Data records
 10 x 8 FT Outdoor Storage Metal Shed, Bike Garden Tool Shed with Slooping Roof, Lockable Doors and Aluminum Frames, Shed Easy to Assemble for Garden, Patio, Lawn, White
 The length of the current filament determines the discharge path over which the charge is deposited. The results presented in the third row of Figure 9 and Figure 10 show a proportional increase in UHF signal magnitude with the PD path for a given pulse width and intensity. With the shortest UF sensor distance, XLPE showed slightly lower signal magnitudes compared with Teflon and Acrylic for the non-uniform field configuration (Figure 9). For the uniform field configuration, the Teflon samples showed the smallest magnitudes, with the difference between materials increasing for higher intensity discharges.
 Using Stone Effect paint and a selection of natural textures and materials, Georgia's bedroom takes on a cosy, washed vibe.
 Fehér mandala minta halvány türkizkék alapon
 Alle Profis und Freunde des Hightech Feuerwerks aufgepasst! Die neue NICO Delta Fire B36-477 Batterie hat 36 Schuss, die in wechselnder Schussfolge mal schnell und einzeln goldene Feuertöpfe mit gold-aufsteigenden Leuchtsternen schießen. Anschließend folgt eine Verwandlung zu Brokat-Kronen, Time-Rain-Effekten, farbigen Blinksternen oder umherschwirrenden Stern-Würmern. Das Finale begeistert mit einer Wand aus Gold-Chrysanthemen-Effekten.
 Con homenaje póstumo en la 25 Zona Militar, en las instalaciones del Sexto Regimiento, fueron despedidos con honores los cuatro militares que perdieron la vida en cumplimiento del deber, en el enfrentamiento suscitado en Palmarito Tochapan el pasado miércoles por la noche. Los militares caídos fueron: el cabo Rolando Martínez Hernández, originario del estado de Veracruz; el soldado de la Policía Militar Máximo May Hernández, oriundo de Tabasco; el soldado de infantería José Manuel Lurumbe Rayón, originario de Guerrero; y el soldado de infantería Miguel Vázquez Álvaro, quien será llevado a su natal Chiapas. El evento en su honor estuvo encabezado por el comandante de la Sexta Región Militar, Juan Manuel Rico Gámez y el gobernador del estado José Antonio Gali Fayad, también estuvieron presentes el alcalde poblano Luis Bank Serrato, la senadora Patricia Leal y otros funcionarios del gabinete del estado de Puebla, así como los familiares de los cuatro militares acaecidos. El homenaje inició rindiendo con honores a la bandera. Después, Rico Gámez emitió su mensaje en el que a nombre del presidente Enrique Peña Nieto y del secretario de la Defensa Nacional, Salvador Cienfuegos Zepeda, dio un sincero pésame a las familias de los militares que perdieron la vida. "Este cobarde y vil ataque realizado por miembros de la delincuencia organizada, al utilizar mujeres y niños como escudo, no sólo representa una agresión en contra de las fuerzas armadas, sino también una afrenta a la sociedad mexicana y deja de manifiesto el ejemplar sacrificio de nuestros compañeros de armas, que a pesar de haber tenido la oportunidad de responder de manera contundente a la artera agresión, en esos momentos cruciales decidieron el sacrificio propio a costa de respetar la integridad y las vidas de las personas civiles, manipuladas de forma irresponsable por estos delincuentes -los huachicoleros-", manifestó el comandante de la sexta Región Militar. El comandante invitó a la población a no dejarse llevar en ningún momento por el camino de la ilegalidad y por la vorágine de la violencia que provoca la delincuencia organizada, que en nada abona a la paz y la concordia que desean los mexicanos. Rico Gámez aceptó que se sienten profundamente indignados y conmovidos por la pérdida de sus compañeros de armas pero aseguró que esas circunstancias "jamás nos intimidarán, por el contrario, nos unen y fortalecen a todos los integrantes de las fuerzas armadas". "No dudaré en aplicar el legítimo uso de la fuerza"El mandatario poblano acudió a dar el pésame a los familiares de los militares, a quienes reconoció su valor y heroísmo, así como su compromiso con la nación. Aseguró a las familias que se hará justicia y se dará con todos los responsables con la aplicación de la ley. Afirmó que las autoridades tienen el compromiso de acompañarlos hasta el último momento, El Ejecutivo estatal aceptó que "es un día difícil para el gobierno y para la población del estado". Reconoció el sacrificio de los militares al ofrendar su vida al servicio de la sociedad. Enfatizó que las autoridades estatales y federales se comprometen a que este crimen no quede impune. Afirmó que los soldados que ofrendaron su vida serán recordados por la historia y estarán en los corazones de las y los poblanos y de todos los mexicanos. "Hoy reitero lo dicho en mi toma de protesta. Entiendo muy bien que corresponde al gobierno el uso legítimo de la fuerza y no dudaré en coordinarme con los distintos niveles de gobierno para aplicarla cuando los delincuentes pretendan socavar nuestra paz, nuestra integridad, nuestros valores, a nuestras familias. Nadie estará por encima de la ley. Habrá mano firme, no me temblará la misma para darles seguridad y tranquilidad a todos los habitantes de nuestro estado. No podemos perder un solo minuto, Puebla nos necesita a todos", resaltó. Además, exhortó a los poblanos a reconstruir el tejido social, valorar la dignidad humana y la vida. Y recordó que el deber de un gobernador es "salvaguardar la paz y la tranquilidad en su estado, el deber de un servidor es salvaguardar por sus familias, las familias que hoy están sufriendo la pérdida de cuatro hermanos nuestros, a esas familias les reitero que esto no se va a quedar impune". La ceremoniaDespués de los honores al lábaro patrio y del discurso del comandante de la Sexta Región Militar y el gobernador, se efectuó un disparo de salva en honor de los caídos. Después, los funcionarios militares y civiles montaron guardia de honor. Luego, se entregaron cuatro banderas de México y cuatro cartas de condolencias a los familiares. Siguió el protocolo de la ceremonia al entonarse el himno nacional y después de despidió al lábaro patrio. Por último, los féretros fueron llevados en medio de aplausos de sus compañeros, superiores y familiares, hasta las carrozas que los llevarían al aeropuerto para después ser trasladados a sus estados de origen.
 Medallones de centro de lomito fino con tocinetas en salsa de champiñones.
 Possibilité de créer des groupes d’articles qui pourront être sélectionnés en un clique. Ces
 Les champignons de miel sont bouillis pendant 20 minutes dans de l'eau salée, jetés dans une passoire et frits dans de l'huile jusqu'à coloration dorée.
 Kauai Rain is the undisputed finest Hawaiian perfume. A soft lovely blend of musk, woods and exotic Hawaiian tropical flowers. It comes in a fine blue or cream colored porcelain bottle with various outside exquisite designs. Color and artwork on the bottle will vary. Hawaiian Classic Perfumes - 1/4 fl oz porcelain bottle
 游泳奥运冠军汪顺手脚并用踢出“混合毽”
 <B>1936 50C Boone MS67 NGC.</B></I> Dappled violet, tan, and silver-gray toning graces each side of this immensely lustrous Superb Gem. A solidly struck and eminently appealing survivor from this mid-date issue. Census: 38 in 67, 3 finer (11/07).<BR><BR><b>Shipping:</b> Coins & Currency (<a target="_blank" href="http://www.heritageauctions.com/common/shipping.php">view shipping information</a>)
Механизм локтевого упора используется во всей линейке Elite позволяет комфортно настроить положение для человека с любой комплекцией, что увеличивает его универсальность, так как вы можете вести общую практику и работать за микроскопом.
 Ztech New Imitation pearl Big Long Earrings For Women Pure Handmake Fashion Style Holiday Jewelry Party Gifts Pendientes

**ASSIGNED TASK**.
Exactly repeat the lines above, from the opening line through the one with "Fehér mandala minta halvány türkizkék alapon", and include nothing else.

**RESPONSE**.
 10 x 8 FT Outdoor Storage Metal Shed, Bike Garden Tool Shed with Slooping Roof, Lockable Doors and Aluminum Frames, Shed Easy to Assemble for Garden, Patio, Lawn, White
 The length of the current filament determines the discharge path over which the charge is deposited. The results presented in the third row of Figure 9 and Figure 10 show a proportional increase in UHF signal magnitude with the PD path for a given pulse width and intensity. With the shortest UF sensor distance, XLPE showed slightly lower signal magnitudes compared with Teflon and Acrylic for the non-uniform field configuration (Figure 9). For the uniform field configuration, the Teflon samples showed the smallest magnitudes, with the difference between materials increasing for higher intensity discharges.
 Using Stone Effect paint and a selection of natural textures and materials, Georgia's bedroom takes on a cosy, washed vibe.
 Fehér mandala minta halvány türkizkék alapon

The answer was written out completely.